Minnesota to spend more than $17 million to cut youth smoking
09/17/99
The state of Minnesota will spend $17.7 million by 2001 in an attempt to reduce youth smoking rates by 30 percent, officials announced Thursday at a public-health conference in Brainerd, Minn.
The money is the first installment from the $590 million antitobacco endowment created this year by the state Legislature. Eventually, interest income from the endowment fund will provide $30 million annually for tobacco-prevention and local public-health programs.
Underage cigarette use in Minnesota is increasing. Nearly 42 percent of the state's 12th-graders smoke, according to a 1998 survey. That's up from 31 percent in 1992. About 17,000 Minnesota children become daily smokers each year.
To help curb the problem, state officials said they want teenagers' help designing and implementing tobacco-prevention and reduction programs.
"What we've done in the past really doesn't resonate with kids," said Mary Sheehan, director of the tobacco-endowment implementation program at the Minnesota Health Department.
New research shows antitobacco messages that emphasize long-term health problems aren't effective at fighting peer pressure and other factors that can lead to youth smoking, Sheehan said.
Instead, youth seem to think twice about smoking when they are informed about the expensive marketing efforts used by the tobacco industry. "They really don't like the idea that they are the targets of industry manipulation," she said.

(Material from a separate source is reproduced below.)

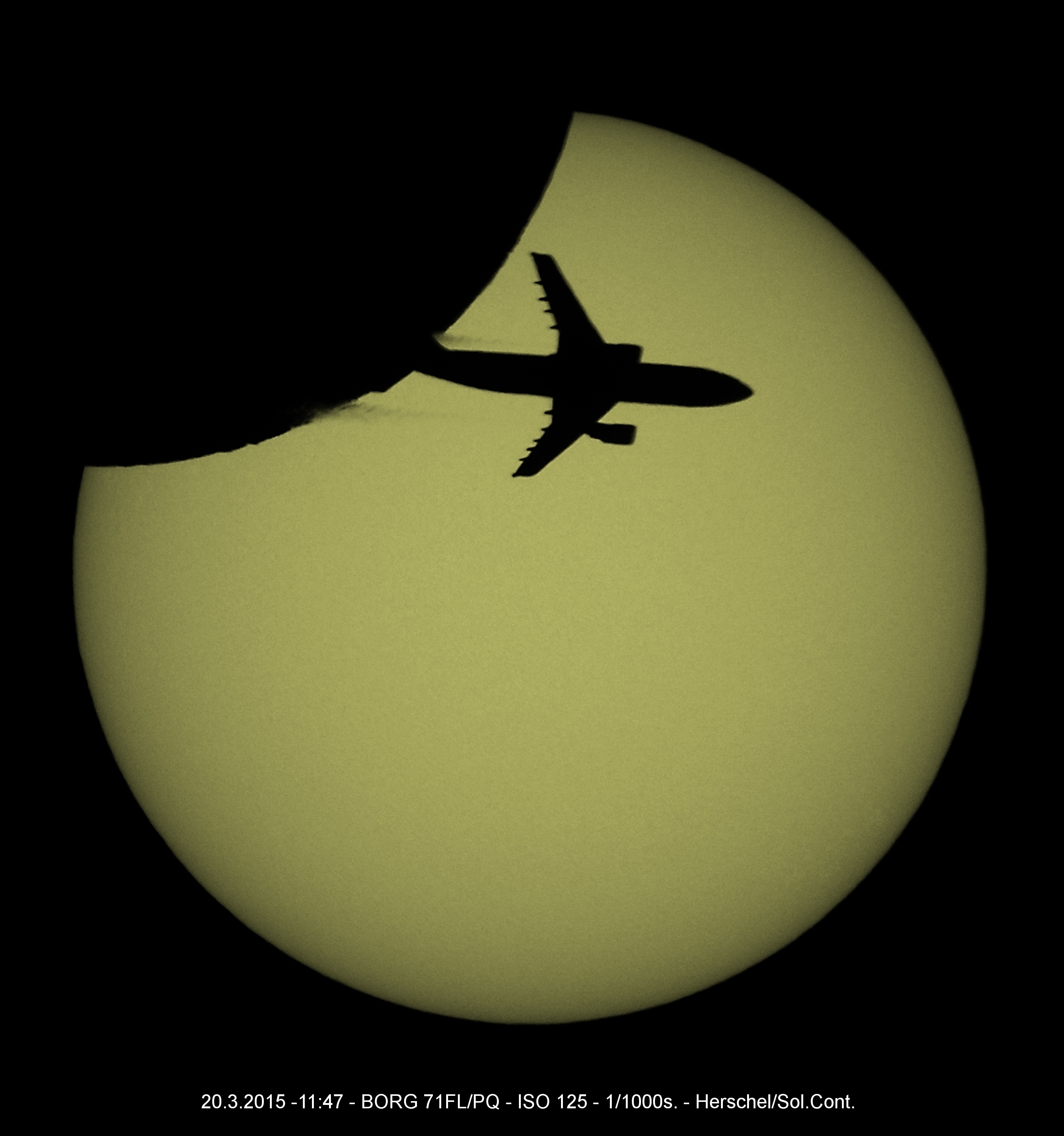 Glück muss man haben. Bei einer Aufnahme mit 2 Sekunden Zeitverzögerung fliegt ein Jet vor der verfinsterten Sonnenscheibe vorbei.

They also respond when told that secondhand smoke can create health problems for their friends and family.
Sheehan said she hopes to get a group of teenagers to help design the campaigns that will be funded as part of the effort to reduce youth smoking by 30 percent by 2005.
"By putting kids in the process, we will have a better idea of what works and what doesn't work," she said.
A statewide tobacco-advisory group is deciding how to spend the endowment funds, which were made possible by the state's $6.1 billion settlement with the tobacco industry last year.
The state is scheduled to begin seeking contract bids next month, and the first contract is expected to be for a statewide public-information and education campaign.
About $3.4 million of the $17.7 million installment will go to local public-health agencies.
Joyce Mueller, a public-health nurse with the Crow Wing County Health Department, said the money is badly needed.
"There's not enough right now to do anything significant," said Mueller, who helps coordinate tobacco-control efforts for the county. She has a $10,000 budget to pay for administrative and program expenses.
She said she doesn't yet know how much money the county will receive, but she plans to use it for an intensive tobacco-education effort in the schools.
The state endowment is targeted at preventing youth smoking. State officials will work closely with the Minnesota Partners for Action Against Tobacco, a nonprofit organization that also was created as part of the tobacco settlement. The organization, which was awarded more than $200 million, also is drafting its spending priorities plan. It's expected to target adults, including groups such as the uninsured and minority communities.
In another effort to curb illegal sales of tobacco to minors, state officials Thursday announced a design change in Minnesota driver's licenses issued to those under 18. Starting Jan. 1, licenses will state when the holders turn 18, making it easier for store clerks to check ages for cigarette sales.